Ares Capital is a specialty finance company. It focuses on providing direct loans and other investments to private middle-market companies (those with between $10 million and $1 billion in annual revenue). This capital enables these companies to grow their businesses, supporting their ability to make interest and dividend payments on Ares' investments.
The company is part of the Ares Management group. Ares is a global leader in private markets with nearly $600 billion in assets under management (AUM) across credit, real estate, private equity, secondaries, and other businesses. Ares Capital's relationship to its parent provides it with greater access to high-quality investment opportunities compared to other BDCs.

NASDAQ: ARCC
Key Data Points
Ares Capital is currently the largest BDC, with $28.7 billion in total investments across 587 portfolio companies as of the end of the third quarter. The bulk of its portfolio (71%) consists of senior secured loans, meaning it has priority over the borrower's assets in the event of bankruptcy. It focuses on lending to companies in less cyclical industries and currently has investments across portfolio companies in 34 different industries. As a result, Ares Capital has a very diverse and high-quality portfolio, which helps lower its risk profile. Since its inception, the company's cumulative net realized loss is less than 0%.
Is the big-time dividend safe?
As a regulated BDC, Ares Capital must distribute 90% of its taxable income to investors via dividends to remain in compliance with IRS regulations. That high payout ratio is a big reason why the company has such a high dividend yield.

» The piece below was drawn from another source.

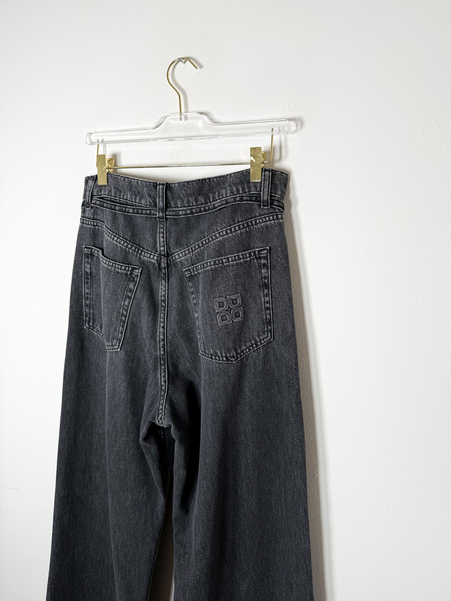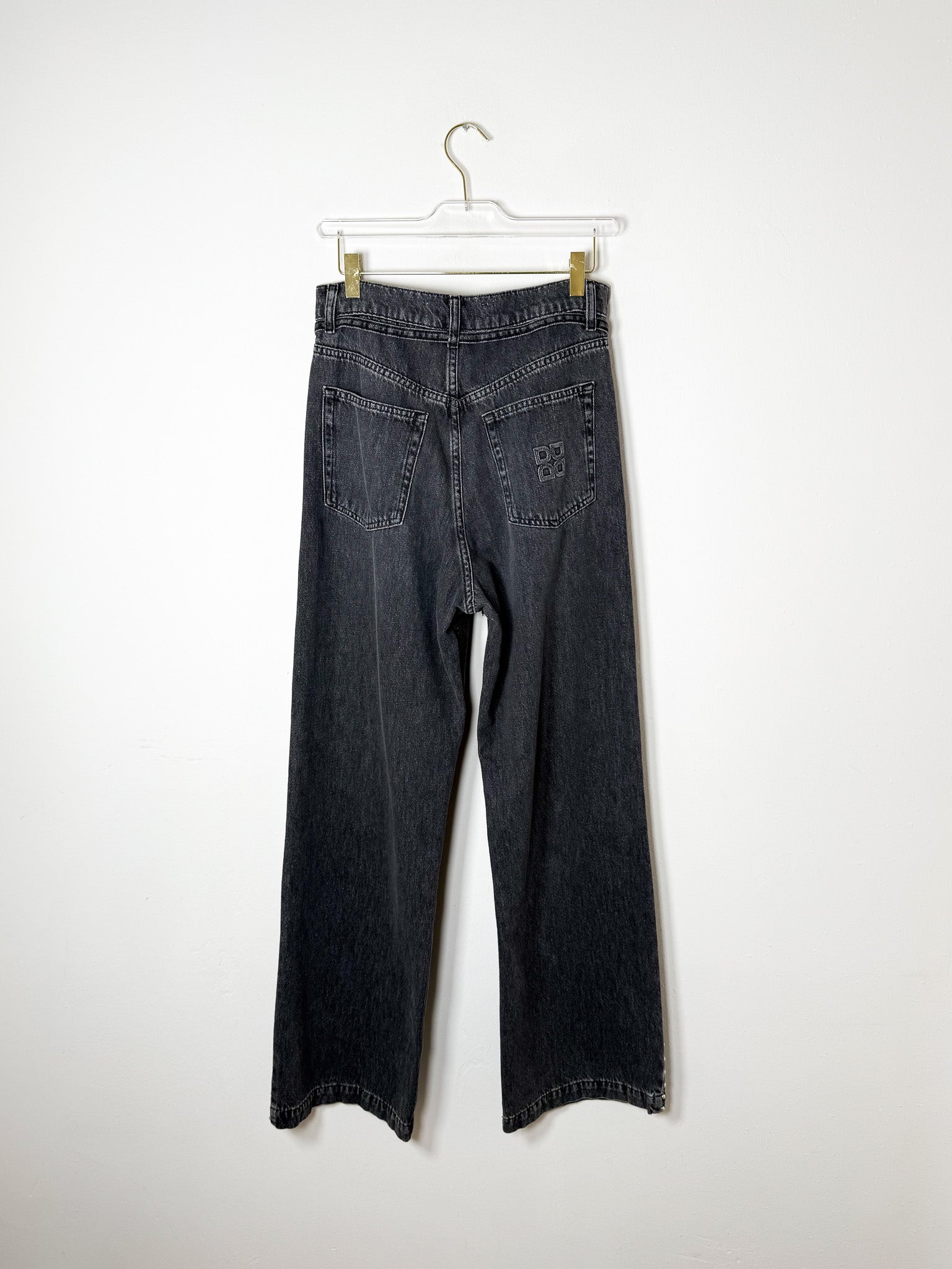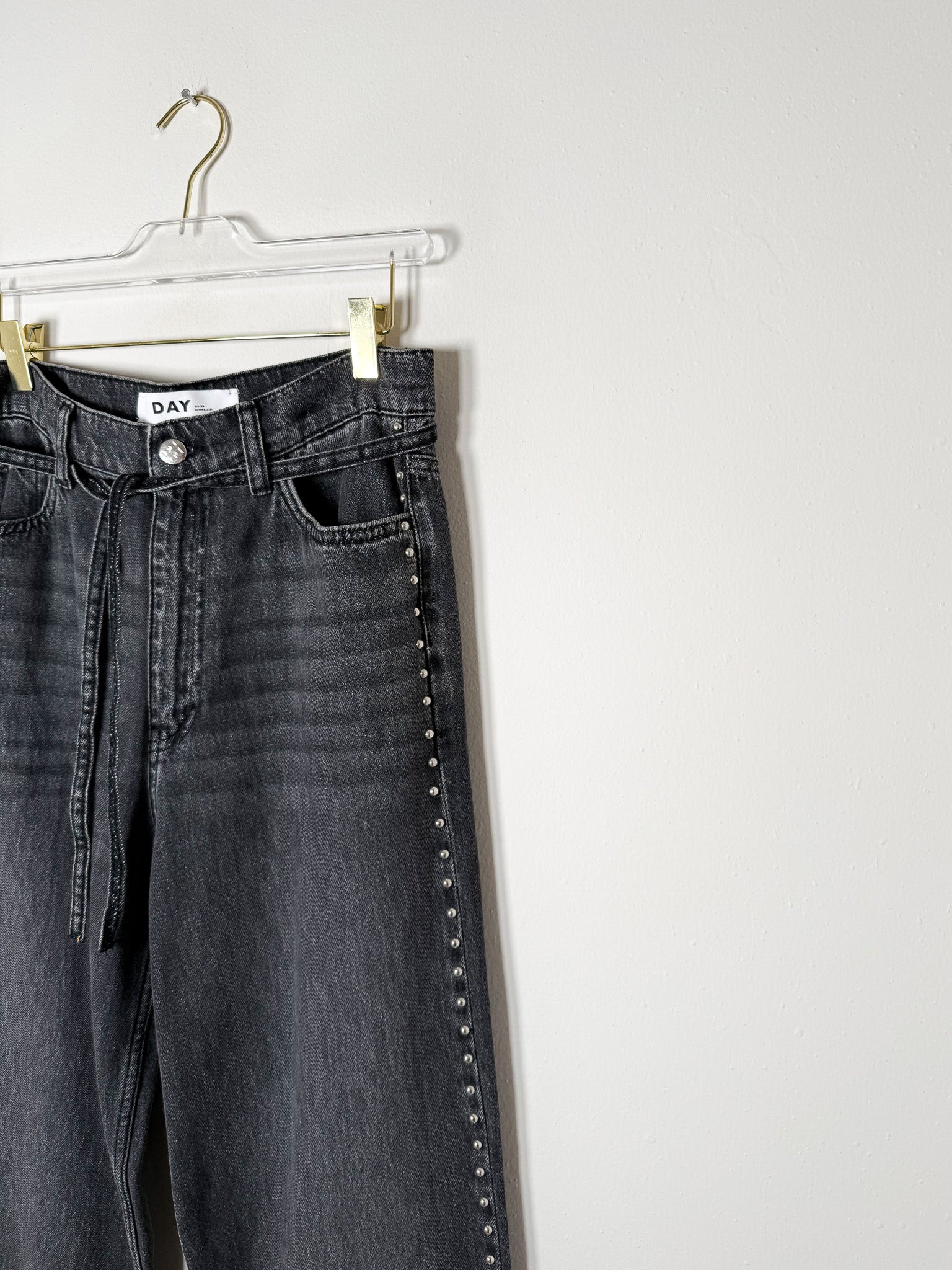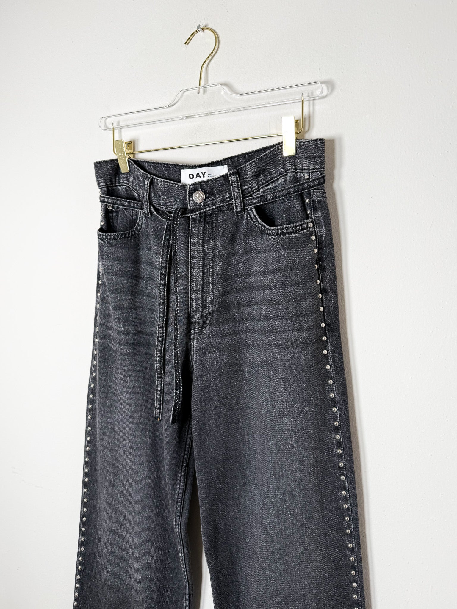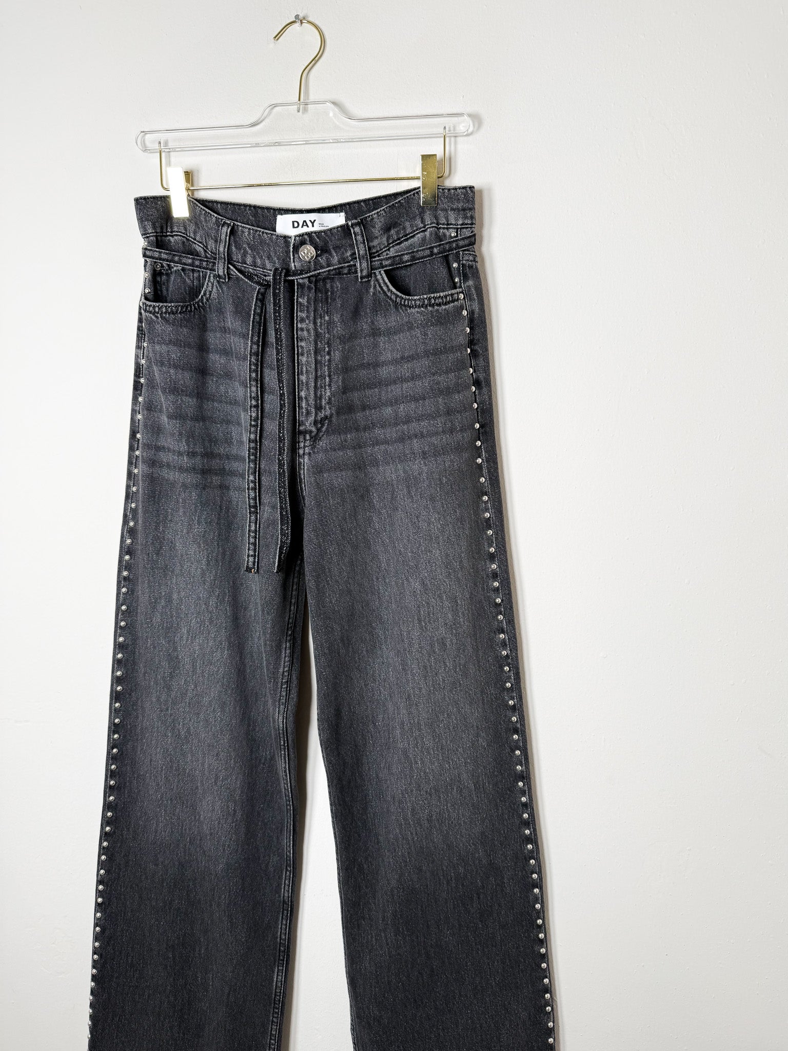 Effortless straight-leg silhouette with a relaxed fit that sits low on the hips. Studded side seams add subtle detail to this versatile black denim.

However, Ares Capital has done a much better job at paying a sustainable dividend than its peers in the BDC sector. The company has delivered 16 years of paying a stable to increasing quarterly dividend. It has been able to deliver dividend stability and growth by setting the quarterly payment to a sustainable level. It will periodically pay a small supplemental dividend, if needed, to return additional income to shareholders and remain in compliance with IRS regulations.
The company currently pays a quarterly dividend of $0.48 per share, which is below its GAAP net income level ($0.57 per share in the third quarter) and core earnings per share ($0.50 per share). By setting its dividend payment to a sustainable level, Ares Capital has built up a cushion. The company is currently carrying forward about $1.26 per share of taxable income from last year for distribution in 2025. This strategy provides a cushion for the company to continue maintaining its current dividend level should it experience a temporary decline in income in the future. As a result, the dividend is on solid ground these days.
What does the future hold for Ares Capital?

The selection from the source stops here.